Would you please return the lines of the entries below starting at the line that has "② 온누리 상품권을 살 돈이 들어있는 계좌와 카드를 등록합니다" and ending at the line that has "1girl absurdres animal_ear_fluff", both included, exactly as they are?

[Entries shown]
════════
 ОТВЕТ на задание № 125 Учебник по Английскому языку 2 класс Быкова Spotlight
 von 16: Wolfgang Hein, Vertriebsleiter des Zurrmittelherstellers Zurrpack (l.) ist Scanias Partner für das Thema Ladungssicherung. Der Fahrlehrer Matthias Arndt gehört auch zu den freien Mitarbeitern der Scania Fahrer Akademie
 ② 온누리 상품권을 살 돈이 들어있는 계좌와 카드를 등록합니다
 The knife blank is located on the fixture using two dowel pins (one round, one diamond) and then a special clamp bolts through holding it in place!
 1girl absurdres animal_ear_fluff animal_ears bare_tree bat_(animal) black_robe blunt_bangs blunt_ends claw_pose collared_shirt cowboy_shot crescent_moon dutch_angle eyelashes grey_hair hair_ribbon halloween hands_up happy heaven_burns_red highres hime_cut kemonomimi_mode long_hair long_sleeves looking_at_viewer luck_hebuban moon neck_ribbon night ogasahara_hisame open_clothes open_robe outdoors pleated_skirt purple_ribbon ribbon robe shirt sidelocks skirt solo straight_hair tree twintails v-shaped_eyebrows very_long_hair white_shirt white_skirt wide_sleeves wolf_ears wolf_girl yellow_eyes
════════
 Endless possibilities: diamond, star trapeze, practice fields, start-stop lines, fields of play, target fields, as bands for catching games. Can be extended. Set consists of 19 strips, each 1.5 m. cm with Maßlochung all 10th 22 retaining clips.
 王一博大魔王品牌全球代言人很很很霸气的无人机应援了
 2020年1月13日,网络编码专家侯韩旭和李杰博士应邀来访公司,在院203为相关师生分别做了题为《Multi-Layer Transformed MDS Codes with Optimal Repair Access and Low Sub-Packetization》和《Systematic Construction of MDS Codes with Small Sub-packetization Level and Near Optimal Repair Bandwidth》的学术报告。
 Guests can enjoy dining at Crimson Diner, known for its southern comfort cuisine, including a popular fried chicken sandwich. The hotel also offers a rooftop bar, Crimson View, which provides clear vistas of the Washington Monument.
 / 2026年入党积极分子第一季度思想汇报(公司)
════════
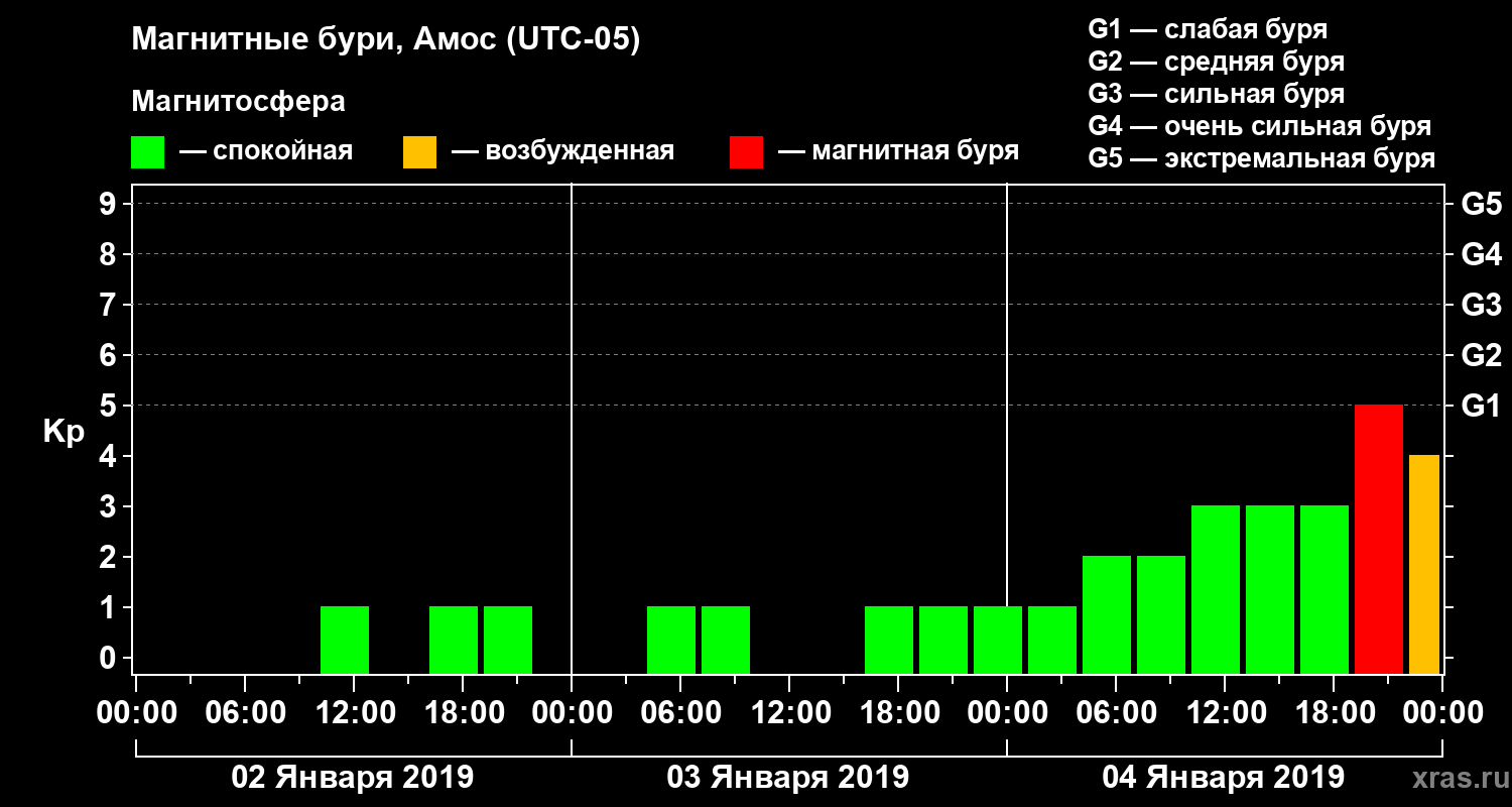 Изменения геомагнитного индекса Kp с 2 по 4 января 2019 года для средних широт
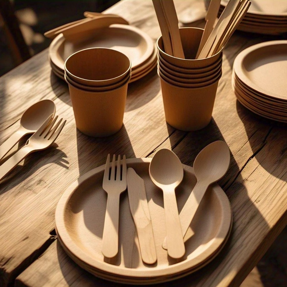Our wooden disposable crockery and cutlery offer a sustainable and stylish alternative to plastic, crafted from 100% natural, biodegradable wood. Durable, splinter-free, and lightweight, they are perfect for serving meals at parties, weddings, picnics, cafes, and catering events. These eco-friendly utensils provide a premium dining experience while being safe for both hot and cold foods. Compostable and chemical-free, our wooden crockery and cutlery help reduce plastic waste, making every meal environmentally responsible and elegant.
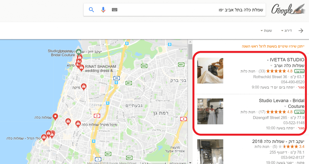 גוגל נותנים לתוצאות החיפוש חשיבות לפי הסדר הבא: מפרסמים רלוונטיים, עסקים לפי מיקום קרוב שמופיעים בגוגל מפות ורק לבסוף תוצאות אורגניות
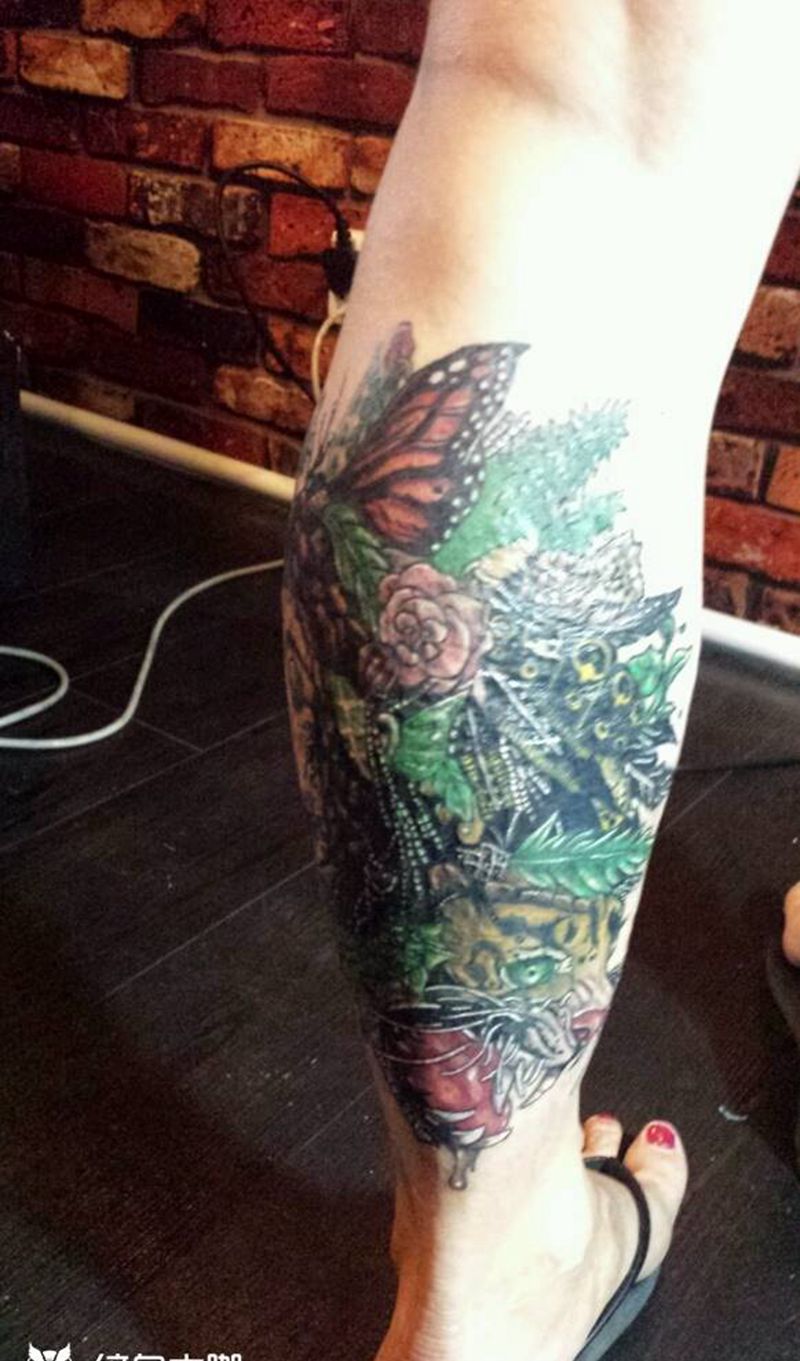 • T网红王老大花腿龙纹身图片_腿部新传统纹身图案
════════
[Response to the exercise]
 ② 온누리 상품권을 살 돈이 들어있는 계좌와 카드를 등록합니다
 The knife blank is located on the fixture using two dowel pins (one round, one diamond) and then a special clamp bolts through holding it in place!
 1girl absurdres animal_ear_fluff animal_ears bare_tree bat_(animal) black_robe blunt_bangs blunt_ends claw_pose collared_shirt cowboy_shot crescent_moon dutch_angle eyelashes grey_hair hair_ribbon halloween hands_up happy heaven_burns_red highres hime_cut kemonomimi_mode long_hair long_sleeves looking_at_viewer luck_hebuban moon neck_ribbon night ogasahara_hisame open_clothes open_robe outdoors pleated_skirt purple_ribbon ribbon robe shirt sidelocks skirt solo straight_hair tree twintails v-shaped_eyebrows very_long_hair white_shirt white_skirt wide_sleeves wolf_ears wolf_girl yellow_eyes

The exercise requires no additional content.